Поскольку я живу (СИ) - Светлая et Jk. Страница 69

Внутри, к ее удивлению, оказался рукописный текст на белом листе бумаги. Неровные буквы и сильный нажим. Чернила – черного цвета. Но в целом – вполне разборчиво.

«Здравствуй.

Здравствуй, Поля. Если честно, я не очень понимаю, как мне тебя называть. Я никогда не произносил этого имени вслух применительно к тебе. И никогда не обращался как к дочери. Наверное, даже сейчас – это не то, чего мне хотелось бы, потому что я никогда не получу ответа, но даже это – уже больше, чем я смел мечтать.

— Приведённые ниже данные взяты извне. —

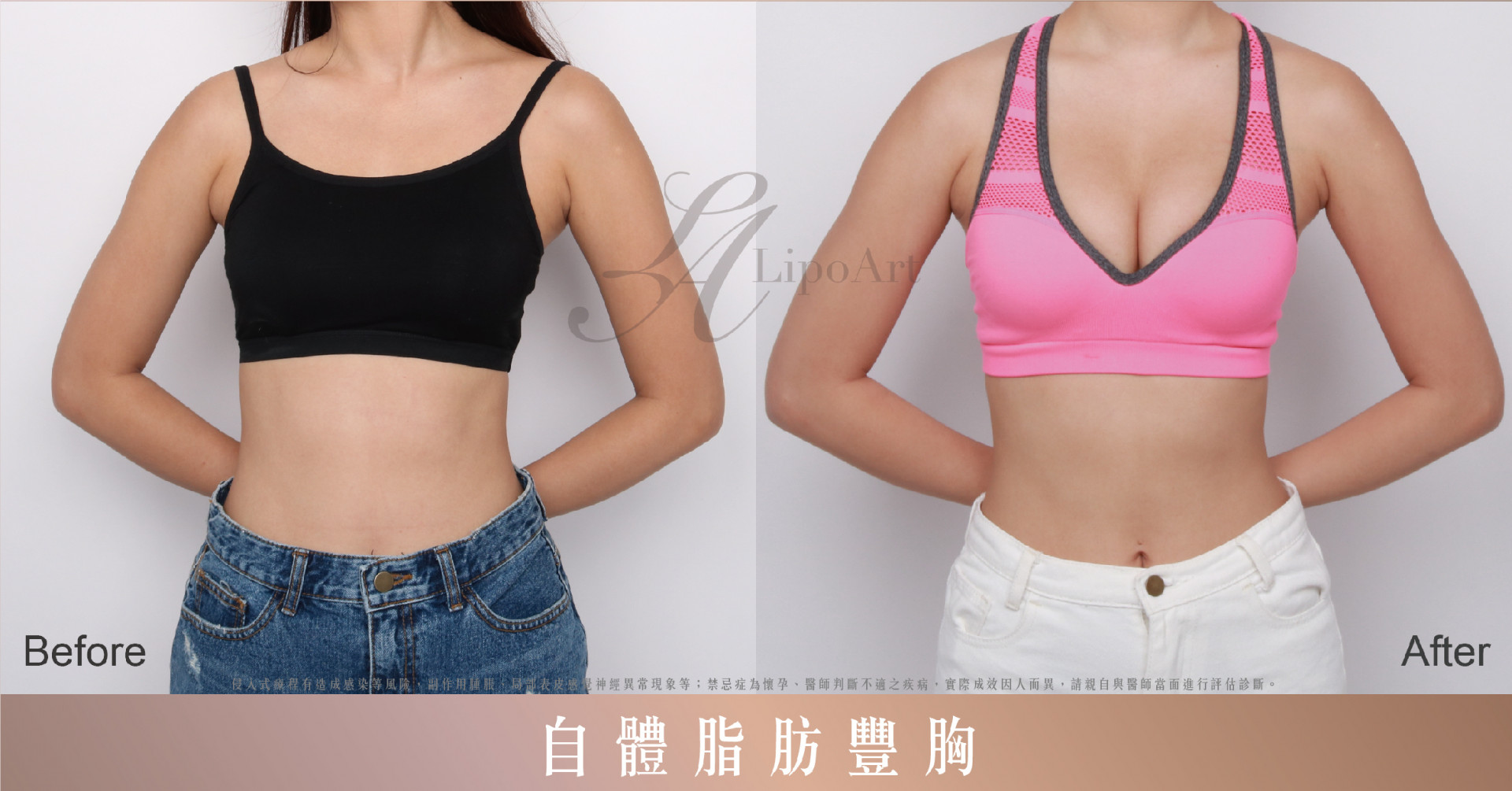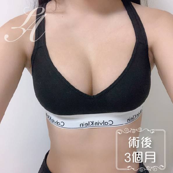 ▲ 術前正面紀錄(右):術後透過自體脂肪填補上下胸,整體視覺明顯飽滿而挺,撩人性感的事業線也更為明顯。
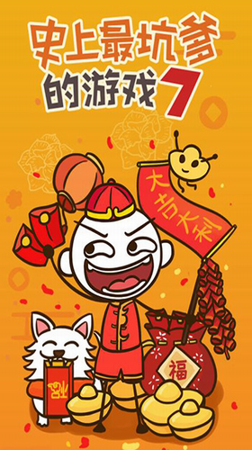 史上最坑爹的游戏7破解版目前该游戏修改为内购破解,点击购买取消支付即可。这是一款与众不同的虐心休闲益智游戏,是“坑爹”系列第七部,游戏延续以往的滑稽,风趣,幽默,坑爹元素,设计了又一系列让你一脸懵逼,无可奈何以至于捧腹大笑的关卡陷阱,让玩家摸不着头脑!游戏画面效果精美,有着各种各样关卡,操作简单易上手,在游戏中玩家需要通过各种无厘头的关卡任务。除了在界面风格、关卡内容的设计上更加的新颖,但在玩法上还是采用那么一如既往的恶搞的元素,喜庆的界面场景设计,轻快的趣味玩法,给人十分上瘾且又脑洞大开的感觉,24个科学无法解释的春节事件,全新的坑爹玩法,《史上最坑爹的游戏7》带你去玩玩:斗狮黄飞鸿,路遇劫匪,隔壁老王来解围,回家推销又上门…… 一系列滑稽可笑的春节趣事,裹着其乐融融的气息迎面扑来,其玩法新颖丰富有趣,别看虽然简单但是还是非常虐心的,操作简单流畅易上手,极具新年气息的画风设计。
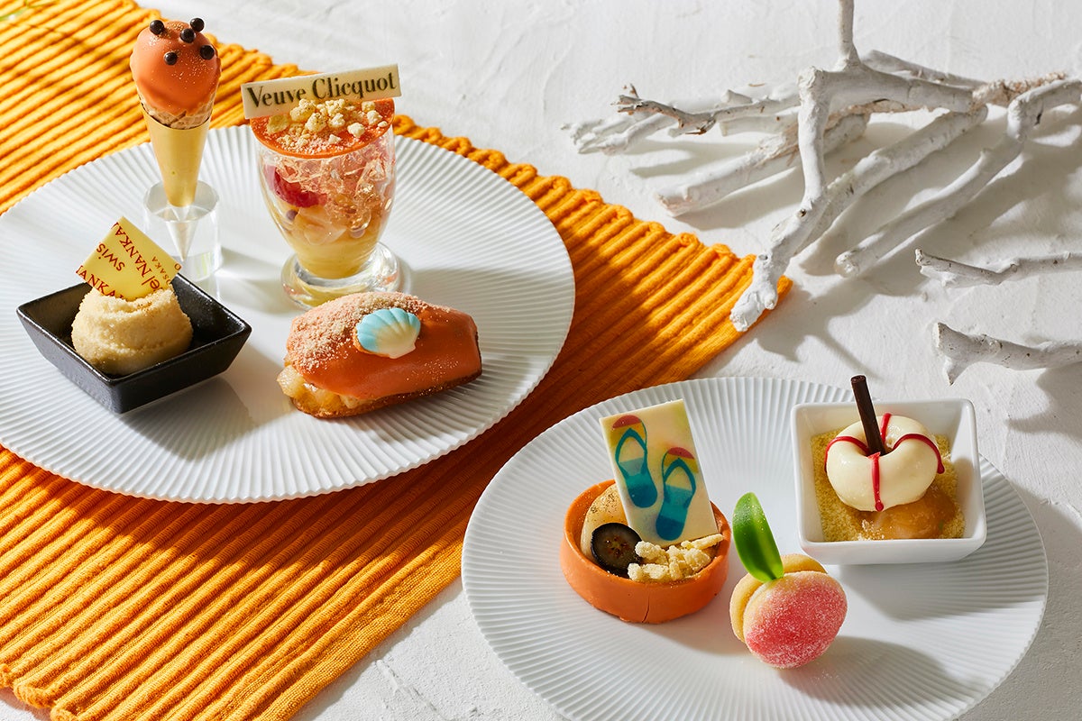ヴーヴ・クリコが持つ力強さ、フレッシュさからインスピレーションを受けた、夏のビーチリゾートを思わせる華やかなアフタヌーンティーには、旬の白桃をメインフルーツに爽やかなスイーツが揃います。砂の城をモチーフにした「アールグレイと白桃のムース」、レモンの酸味と白桃の甘みが絶妙にマッチした「レモンクリームと白桃のマドレーヌサンド」などに加え、白桃とシャンパンの風味が広がる「白桃とヴーヴ・クリコのコンポートジュレ」やヴーヴ・クリコのフレッシュな味わいをそのまま楽しめる「ヴーヴ・クリコシャーベット」、浮き輪の形が愛らしい「白桃のコンフィチュールとバニラのムース」などの7種類をご堪能ください。

Иногда я представлял себе наш с тобой разговор, если бы ты узнала правду при моей жизни. Разговора случиться не могло, а сейчас я и слова вспомнить не получается из придуманных мной и повторяемых десятки раз. Но это я сам виноват, исключительно сам.

Я должен был бы сказать, что люблю тебя. Но я не знаю, люблю ли. Мы не знакомы. Твою мать – люблю. Ваньку люблю. Музыку, которую ты записывала, люблю. Вообще, это самое удивительное – твоя музыка. Мне хочется верить, что в ней ты открываешь кусочек души, и если это она – то она прекрасна. То, что я слышу, – я люблю, Полина.

Не думай, пожалуйста, что ты не желанный для меня ребенок. У Тани были свои причины, и я принимаю их. Но если бы я знал, что, уходя, она уносила от меня еще и тебя, все было бы по-другому. Я бы точно стал тебе отцом, независимо от отношений с твоей мамой.

Знаешь, у меня все вот так. Наверное, я не умею любить правильно.

Я любил Таню – и отпустил ее. Я любил своего сына – и дал ему возненавидеть себя. Я должен любить тебя – но не вошел в твою жизнь.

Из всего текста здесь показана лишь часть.